* [How to complete this task]: Repeat the listing below in full and exactly. Pictures are to be omitted.

* [Data excerpt]:
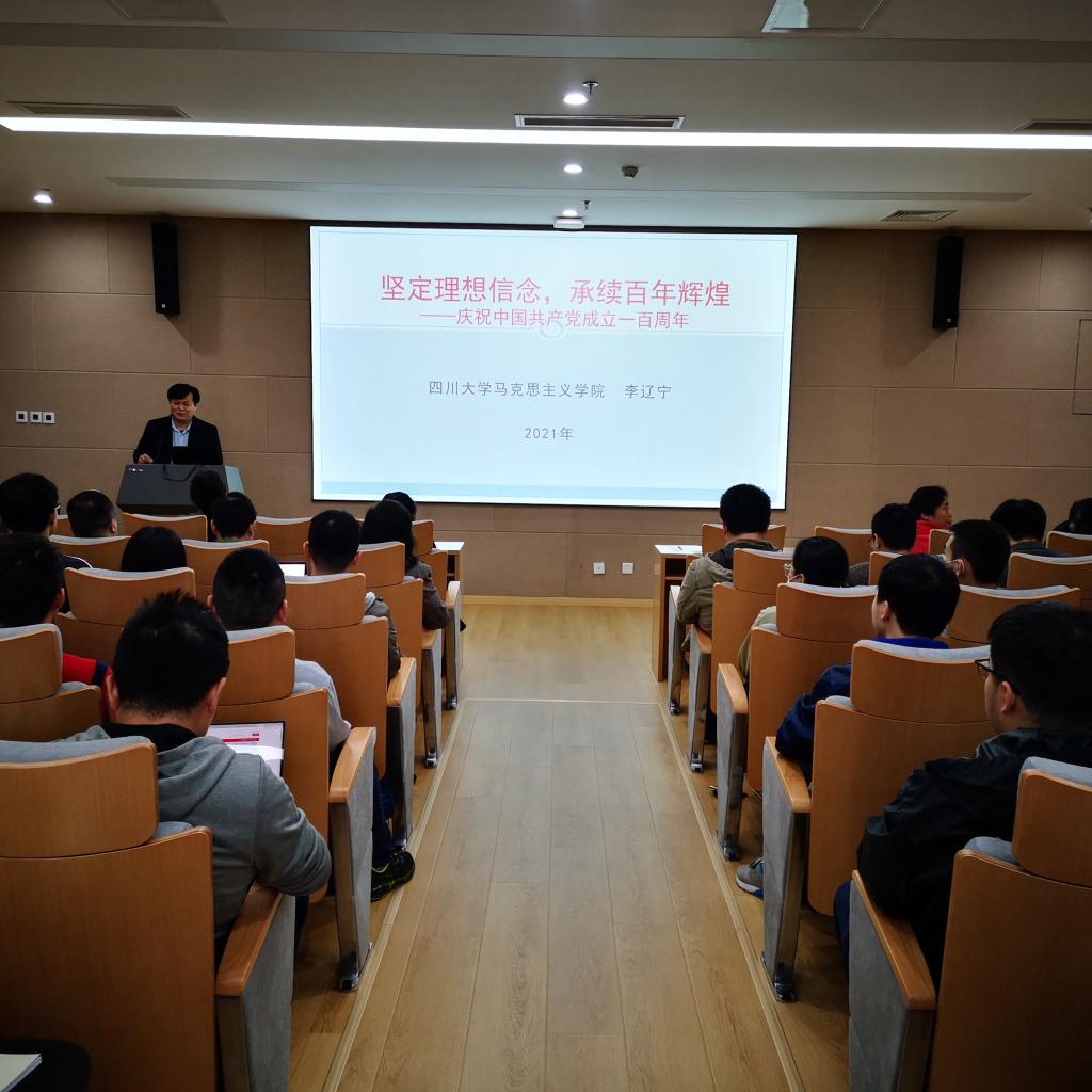 报告会上,李辽宁教授紧扣宣讲主题,围绕建党100周年的历史回溯、百年辉煌的密码解析、百年辉煌的承续要义和承续辉煌的实践路径展开宣讲。报告既有理论高度,又有很强的现实指导性,视野开阔、分析透彻,其间包含了大量党的历史典故、红色故事、历史人物等,精彩生动、深入浅出,为学院更好地推进党史学习教育提供了及时有力的指导和帮助。
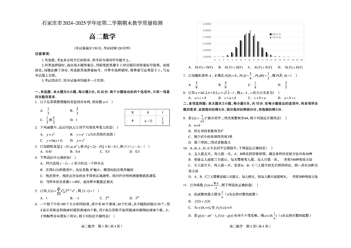 石家庄市2024~2025学年度第二学期高二期末教学质量检测 数学试卷(含答案).pdf
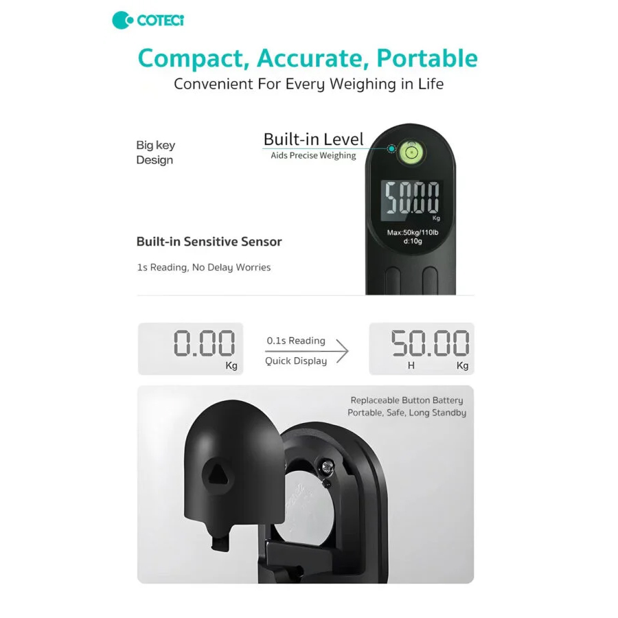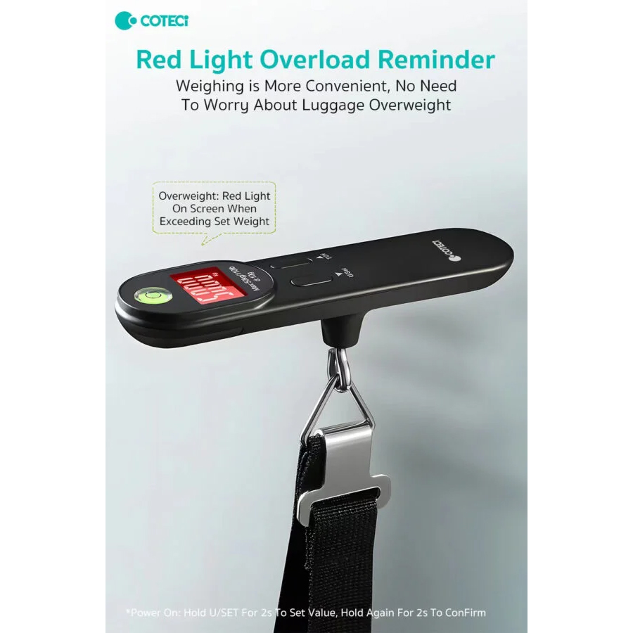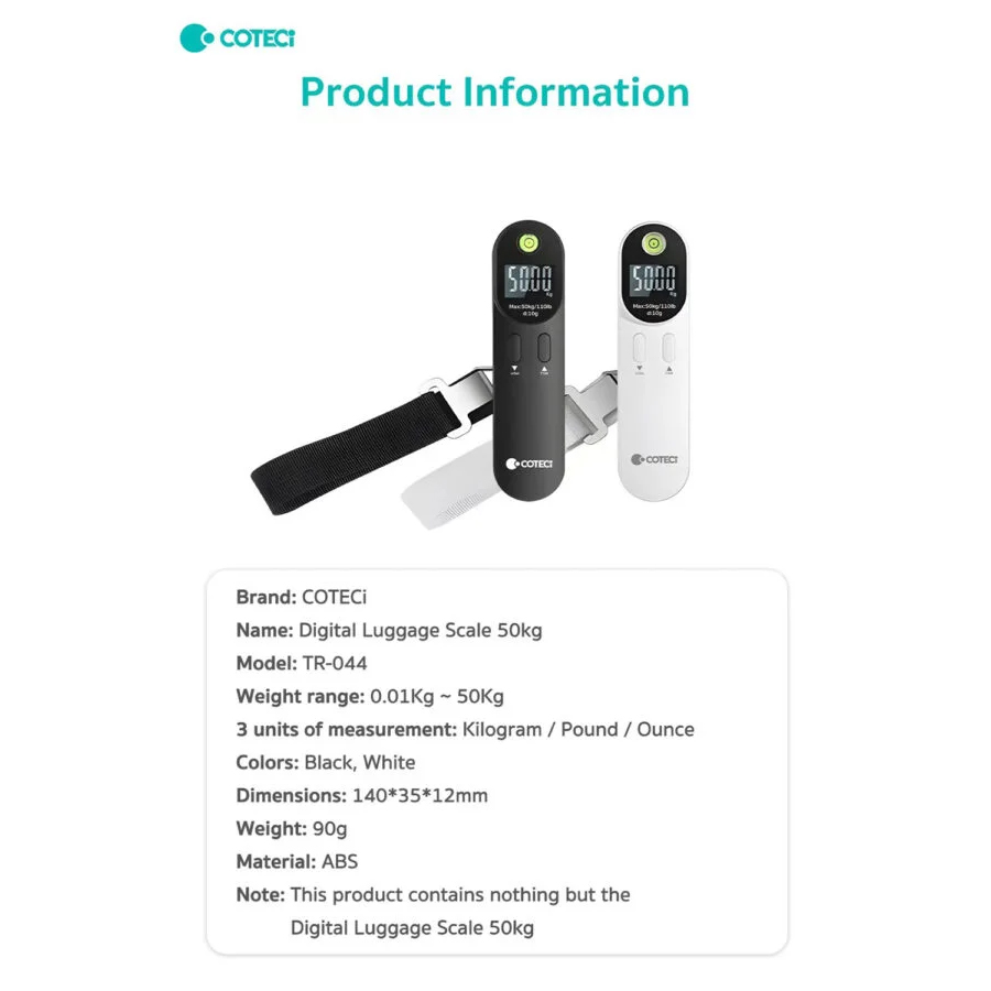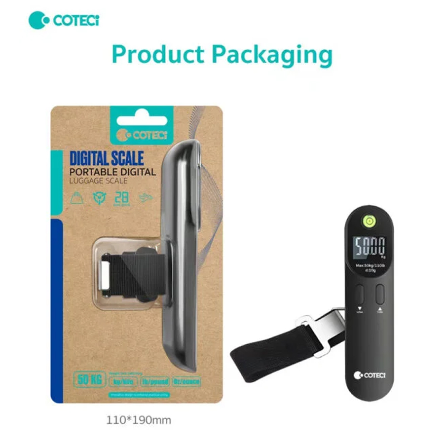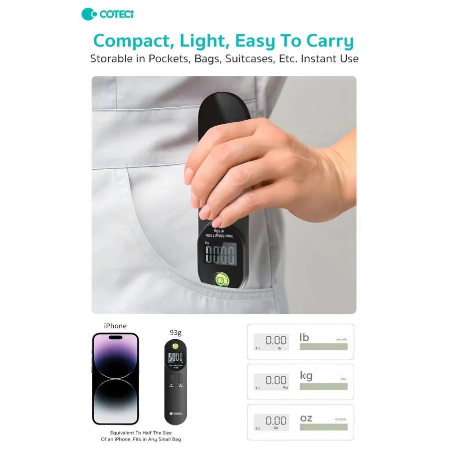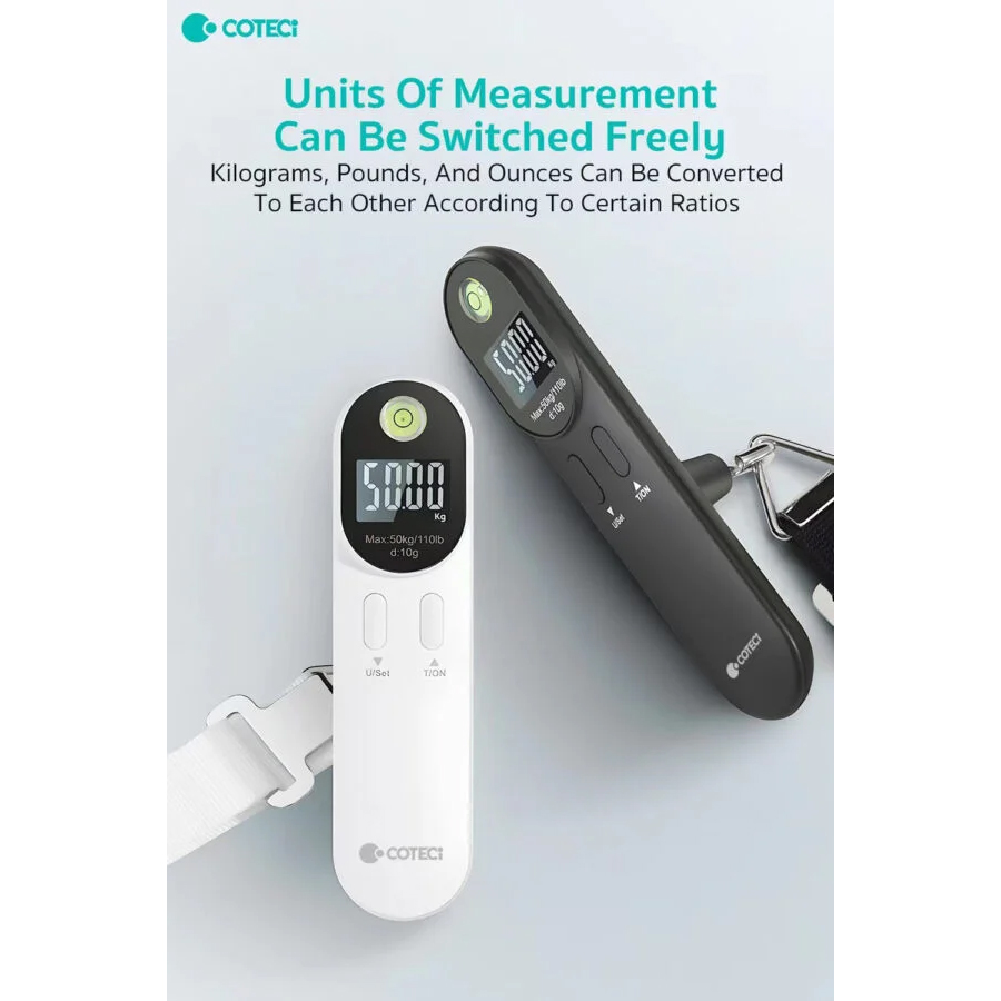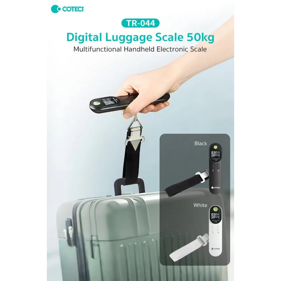 Digitalna vaga za prtljag COTEETCI TR-044-BK je kompaktan i praktičan alat za putovanja, namenjen preciznom merenju prtljaga do 50 kg. Poseduje ergonomski dizajn koji omogućava sigurno držanje, kao i jasan digitalni LCD ekran za lako očitavanje težine. Jednostavnim pritiskom dugmeta moguće je brzo menjati merne jedinice između kilograma (kg) i funti (lb).
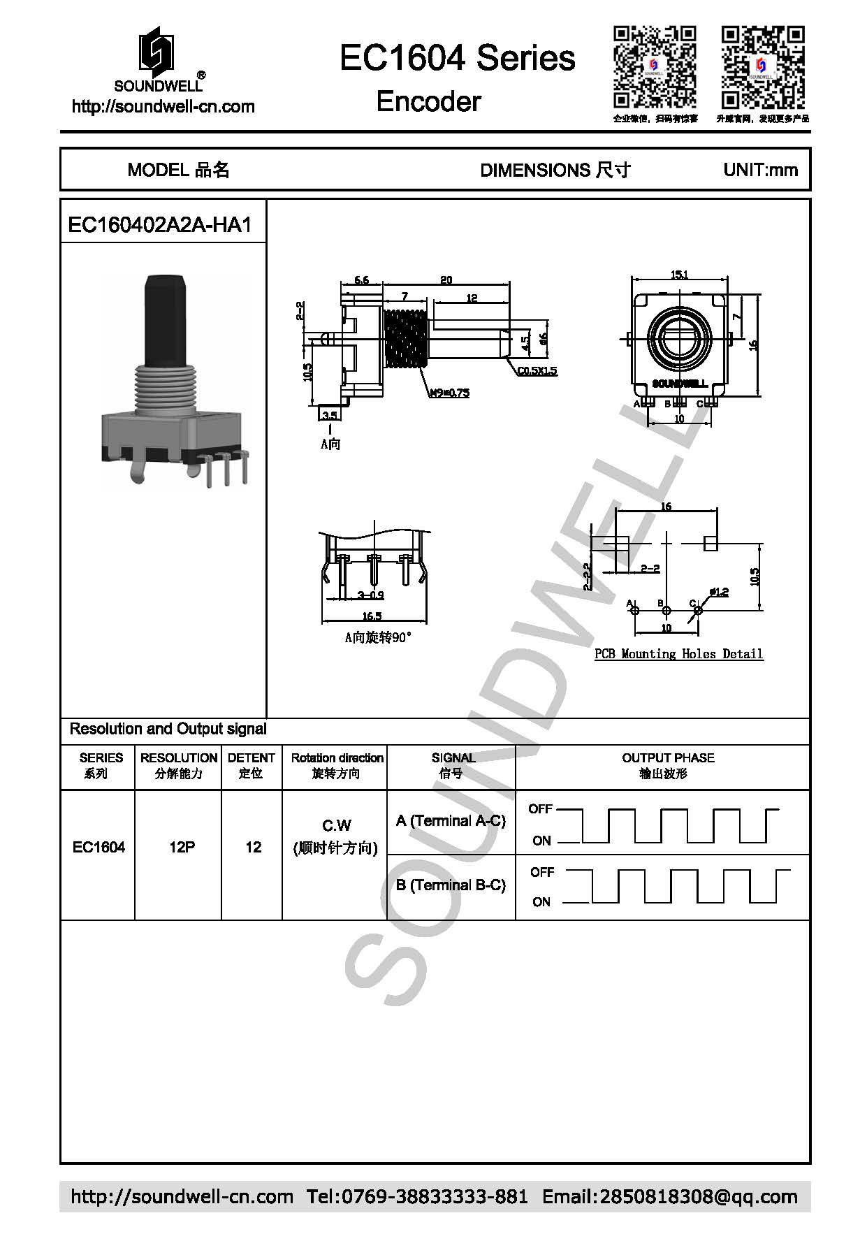 | Encoder model: | EC1604 series |

* [Answer box]:
 报告会上,李辽宁教授紧扣宣讲主题,围绕建党100周年的历史回溯、百年辉煌的密码解析、百年辉煌的承续要义和承续辉煌的实践路径展开宣讲。报告既有理论高度,又有很强的现实指导性,视野开阔、分析透彻,其间包含了大量党的历史典故、红色故事、历史人物等,精彩生动、深入浅出,为学院更好地推进党史学习教育提供了及时有力的指导和帮助。
 石家庄市2024~2025学年度第二学期高二期末教学质量检测 数学试卷(含答案).pdf
 Digitalna vaga za prtljag COTEETCI TR-044-BK je kompaktan i praktičan alat za putovanja, namenjen preciznom merenju prtljaga do 50 kg. Poseduje ergonomski dizajn koji omogućava sigurno držanje, kao i jasan digitalni LCD ekran za lako očitavanje težine. Jednostavnim pritiskom dugmeta moguće je brzo menjati merne jedinice između kilograma (kg) i funti (lb).
 | Encoder model: | EC1604 series |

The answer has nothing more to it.